Painter checked his watch. “Well, by escaping on your own, you’ve already made my life easier.” He pointed back down. “Take Sasha to the gym locker room. Secure her in there. All of you.”
“What about you?” Kat asked.
He kissed Lisa on the cheek, turned toward the door, and headed out. “I’ve got one last thing to do—then I’ll join you.”
“Be careful,” Lisa said.
Kat called back to him. “Director! Monk’s still alive!”
Painter halted, glanced behind him, but the stairwell door slammed shut. What? He had no time to inquire what she had meant. It would have to wait. He sprinted back down the hall and returned to where he had started, back to the communication nest. Slowing, he tested the air. A sweetness permeated the space, as it should all of central command.
It was the first stage of the fail-safe program: feeding a gaseous accelerant into the air. It took a minimum of fifteen minutes to reach critical levels. And while it was safe to breathe for at least a couple of hours, they didn’t have that long. In another ten minutes, the fail-safe would ignite sparks throughout the base and trigger a firestorm across all levels of central command. The flash fire would last only a few seconds, fed by the accelerant in the air, searing every surface within the concrete bunker. Then sprinklers would kick in, dousing the flames immediately.
Inside the communication nest, Painter checked the row of monitors, receiving video feed from cameras on every level.
He stalked along them until he found the one he was looking for. It showed Mapplethorpe standing beside Sean McKnight. He held a pistol to Sean’s back. Behind them, commandos began disappearing down an open stairwell door.

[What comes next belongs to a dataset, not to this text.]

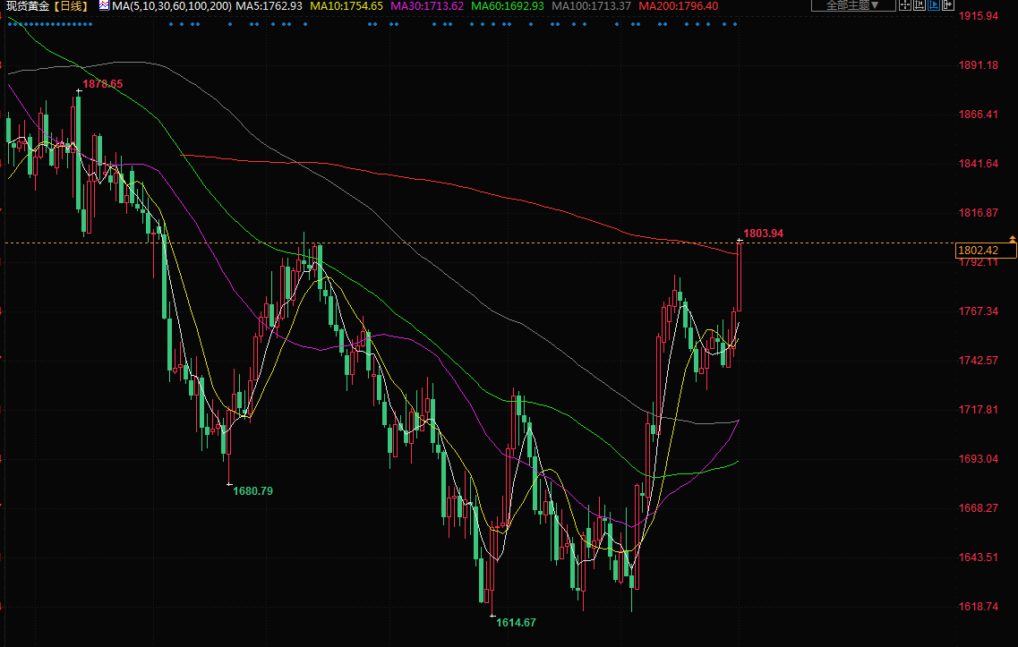 现货金攀升1.8%,至每盎司1800.69美元,稍早曾触及1803.94美元的8月10日以来最高。

Painter tapped on the audio from the camera.
“—madness,” Sean said. “You can’t circumvent channels like this. Do you think you can perform an unsanctioned assault upon another agency, then try to clean it up afterward?”
“I’ve done it before,” Mapplethorpe growled. “It’s all a matter of producing the results to match the offense.”
“In other words, the ends justify the means,” Sean scoffed. “You’ll never get away with it. Two people are dead.”
“Is that all? Like I said, I’ve done this many times before. Abroad and here.”
Painter cut into the conversation. He spoke into a microphone that broadcast through speakers on that floor. “Mapplethorpe!”
The man jolted, but he kept his pistol steady. He searched around, then found the camera on the wall. He regained his composure, his lips settling into a sneer of derision. “Ah, Director, so you haven’t evacuated with the rest of your people. Very good. Then let us end this quickly. Bring up the girl, and no one else needs to get hurt.”
Painter spoke into the microphone. “We’ve already taken out your man, Mapplethorpe, and hidden the girl where you won’t find her.”
“Is that so?” Mapplethorpe sniffed a bit at the air. “I see you’ve activated Sigma’s fail-safe program.”
Painter felt a chill. The man had obtained more than just their base schematics; he’d tapped deep into their protocols. Sean had warned him about Mapplethorpe. The bastard had his fingers everywhere, a black spider dancing in the intelligence web. His oily and bland demeanor hid a much more dangerous core.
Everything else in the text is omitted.